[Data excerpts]
***
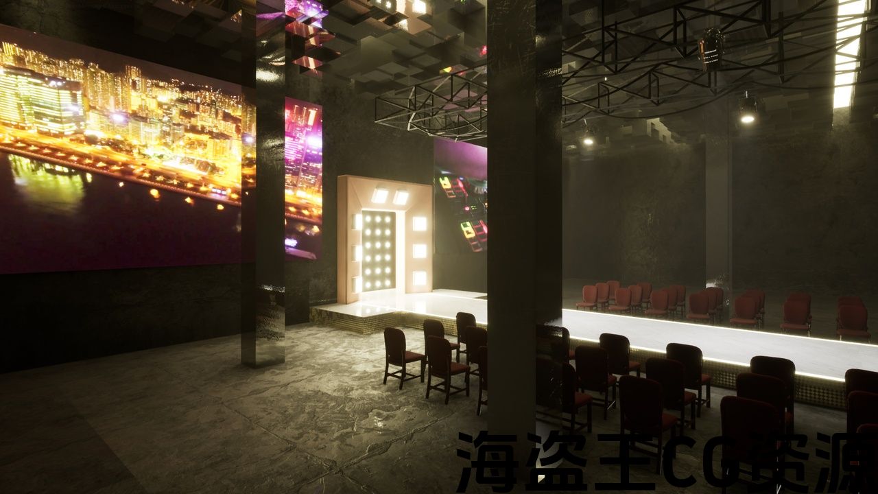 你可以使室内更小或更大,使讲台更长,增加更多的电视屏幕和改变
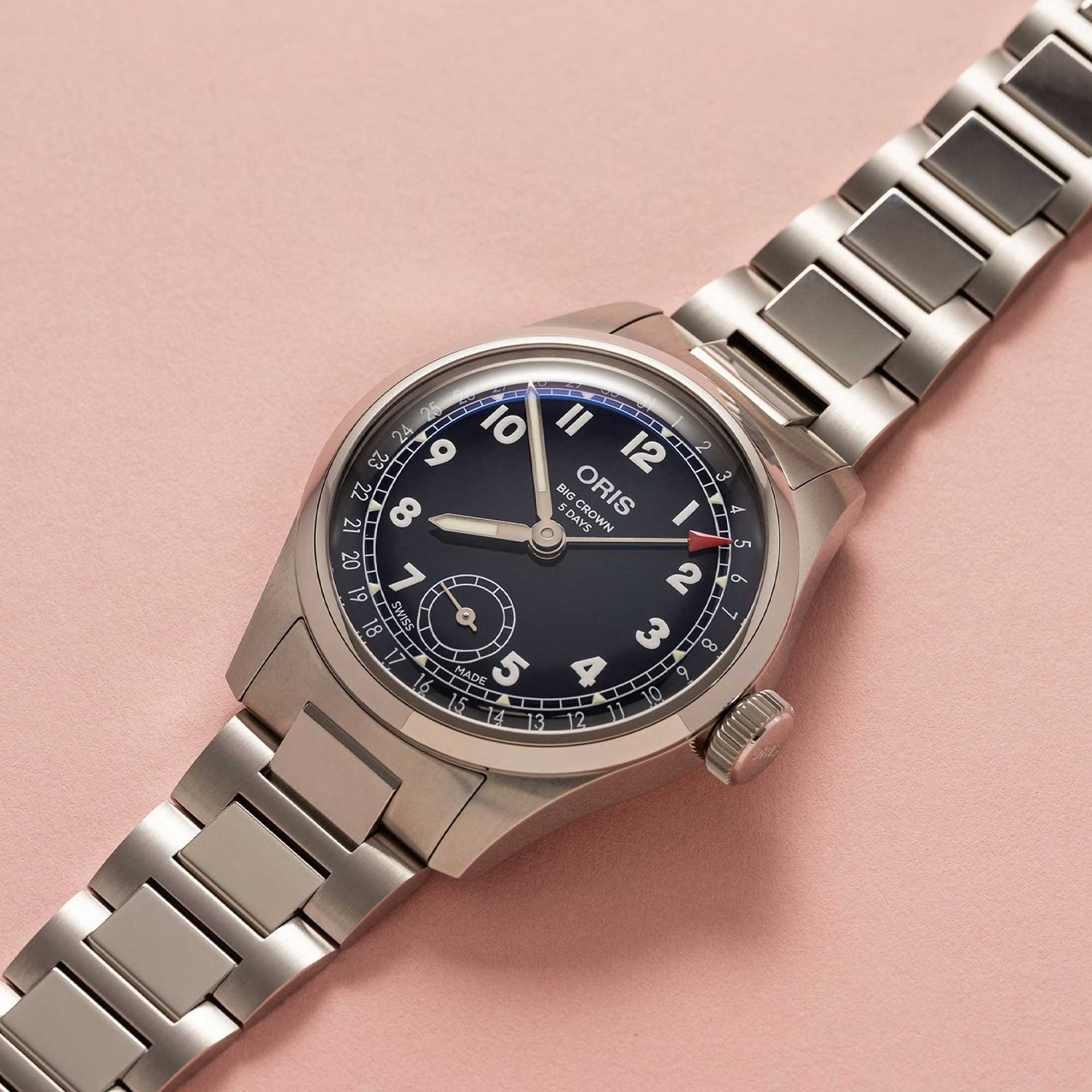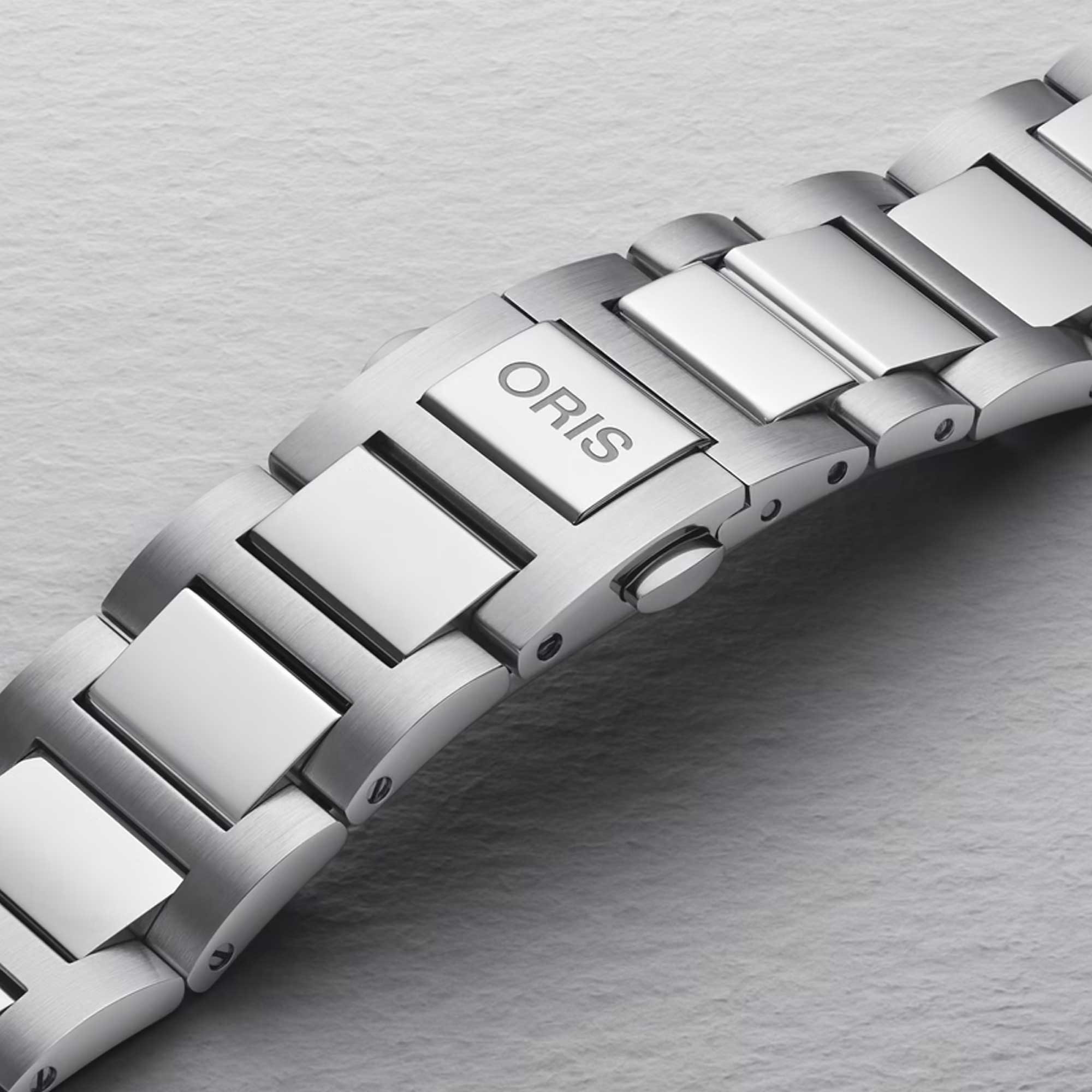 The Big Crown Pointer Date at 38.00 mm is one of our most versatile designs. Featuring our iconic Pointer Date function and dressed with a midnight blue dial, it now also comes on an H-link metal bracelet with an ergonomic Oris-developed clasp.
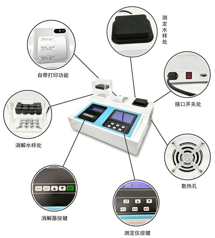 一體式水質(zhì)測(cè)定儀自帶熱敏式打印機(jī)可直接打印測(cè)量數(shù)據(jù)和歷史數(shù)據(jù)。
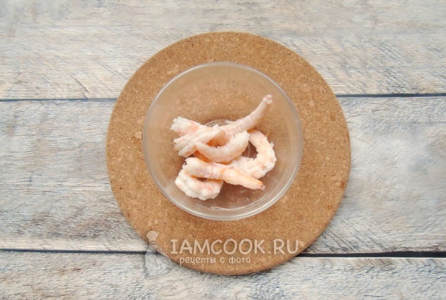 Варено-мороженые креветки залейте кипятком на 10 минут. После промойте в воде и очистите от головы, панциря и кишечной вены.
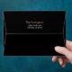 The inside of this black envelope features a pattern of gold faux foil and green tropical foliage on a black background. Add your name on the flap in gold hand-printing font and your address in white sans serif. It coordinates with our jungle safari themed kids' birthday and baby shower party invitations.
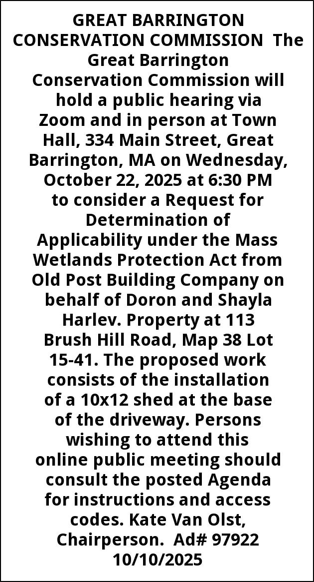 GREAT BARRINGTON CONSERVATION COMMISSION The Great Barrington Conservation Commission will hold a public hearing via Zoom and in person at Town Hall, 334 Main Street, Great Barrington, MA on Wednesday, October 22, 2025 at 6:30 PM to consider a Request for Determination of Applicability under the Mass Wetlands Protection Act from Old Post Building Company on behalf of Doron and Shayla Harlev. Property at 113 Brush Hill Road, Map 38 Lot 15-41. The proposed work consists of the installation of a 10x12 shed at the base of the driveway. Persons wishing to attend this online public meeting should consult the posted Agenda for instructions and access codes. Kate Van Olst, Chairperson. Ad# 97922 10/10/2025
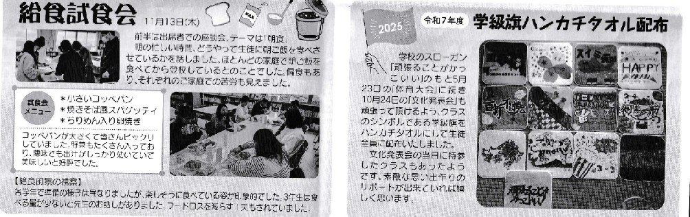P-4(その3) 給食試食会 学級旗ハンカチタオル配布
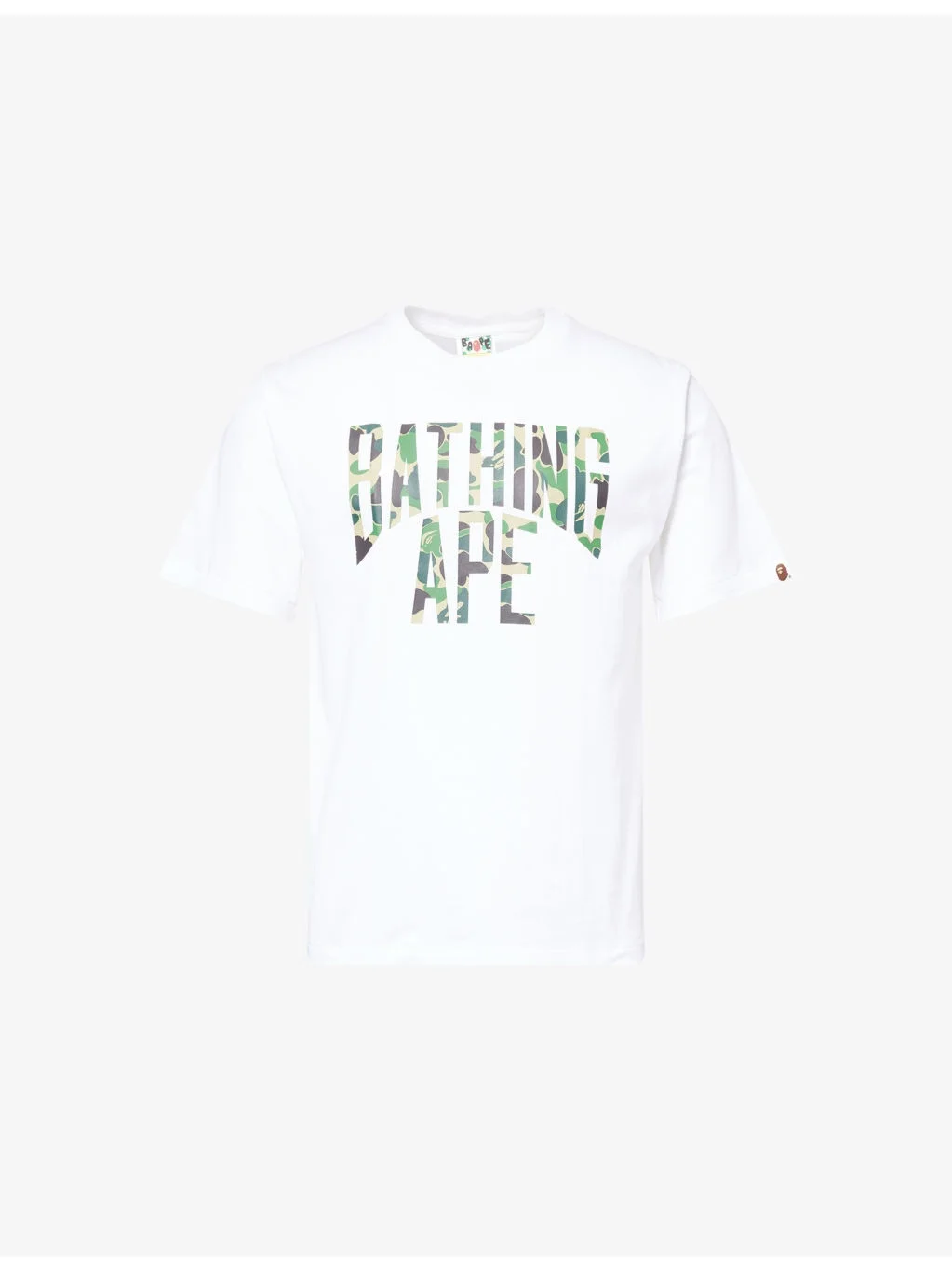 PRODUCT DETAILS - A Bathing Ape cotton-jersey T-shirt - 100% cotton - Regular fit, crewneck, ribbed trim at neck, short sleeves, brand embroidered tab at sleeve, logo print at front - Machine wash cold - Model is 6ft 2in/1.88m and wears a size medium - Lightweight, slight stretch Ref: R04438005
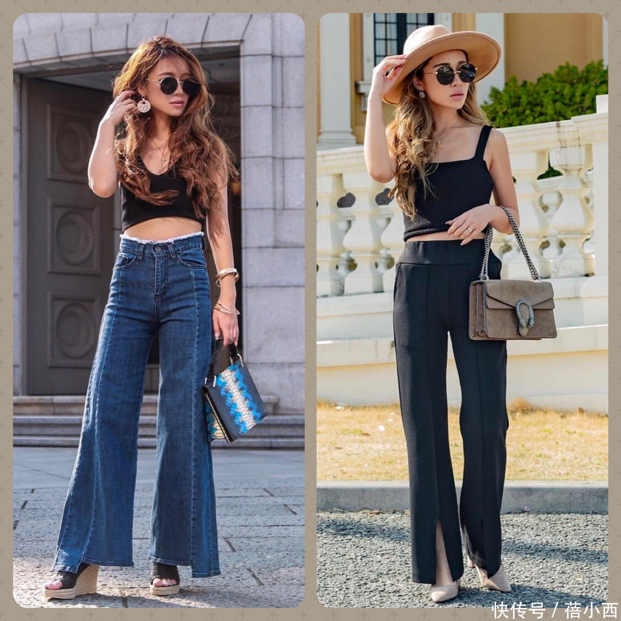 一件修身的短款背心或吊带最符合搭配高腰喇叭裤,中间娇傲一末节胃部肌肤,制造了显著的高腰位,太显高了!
***
▶ **Assignment**:
Give the entries above again exactly, minus their pictures.

▶ **Task answer**:
 你可以使室内更小或更大,使讲台更长,增加更多的电视屏幕和改变
 The Big Crown Pointer Date at 38.00 mm is one of our most versatile designs. Featuring our iconic Pointer Date function and dressed with a midnight blue dial, it now also comes on an H-link metal bracelet with an ergonomic Oris-developed clasp.
 一體式水質(zhì)測(cè)定儀自帶熱敏式打印機(jī)可直接打印測(cè)量數(shù)據(jù)和歷史數(shù)據(jù)。
 Варено-мороженые креветки залейте кипятком на 10 минут. После промойте в воде и очистите от головы, панциря и кишечной вены.
 The inside of this black envelope features a pattern of gold faux foil and green tropical foliage on a black background. Add your name on the flap in gold hand-printing font and your address in white sans serif. It coordinates with our jungle safari themed kids' birthday and baby shower party invitations.
 GREAT BARRINGTON CONSERVATION COMMISSION The Great Barrington Conservation Commission will hold a public hearing via Zoom and in person at Town Hall, 334 Main Street, Great Barrington, MA on Wednesday, October 22, 2025 at 6:30 PM to consider a Request for Determination of Applicability under the Mass Wetlands Protection Act from Old Post Building Company on behalf of Doron and Shayla Harlev. Property at 113 Brush Hill Road, Map 38 Lot 15-41. The proposed work consists of the installation of a 10x12 shed at the base of the driveway. Persons wishing to attend this online public meeting should consult the posted Agenda for instructions and access codes. Kate Van Olst, Chairperson. Ad# 97922 10/10/2025
P-4(その3) 給食試食会 学級旗ハンカチタオル配布
 PRODUCT DETAILS - A Bathing Ape cotton-jersey T-shirt - 100% cotton - Regular fit, crewneck, ribbed trim at neck, short sleeves, brand embroidered tab at sleeve, logo print at front - Machine wash cold - Model is 6ft 2in/1.88m and wears a size medium - Lightweight, slight stretch Ref: R04438005
 一件修身的短款背心或吊带最符合搭配高腰喇叭裤,中间娇傲一末节胃部肌肤,制造了显著的高腰位,太显高了!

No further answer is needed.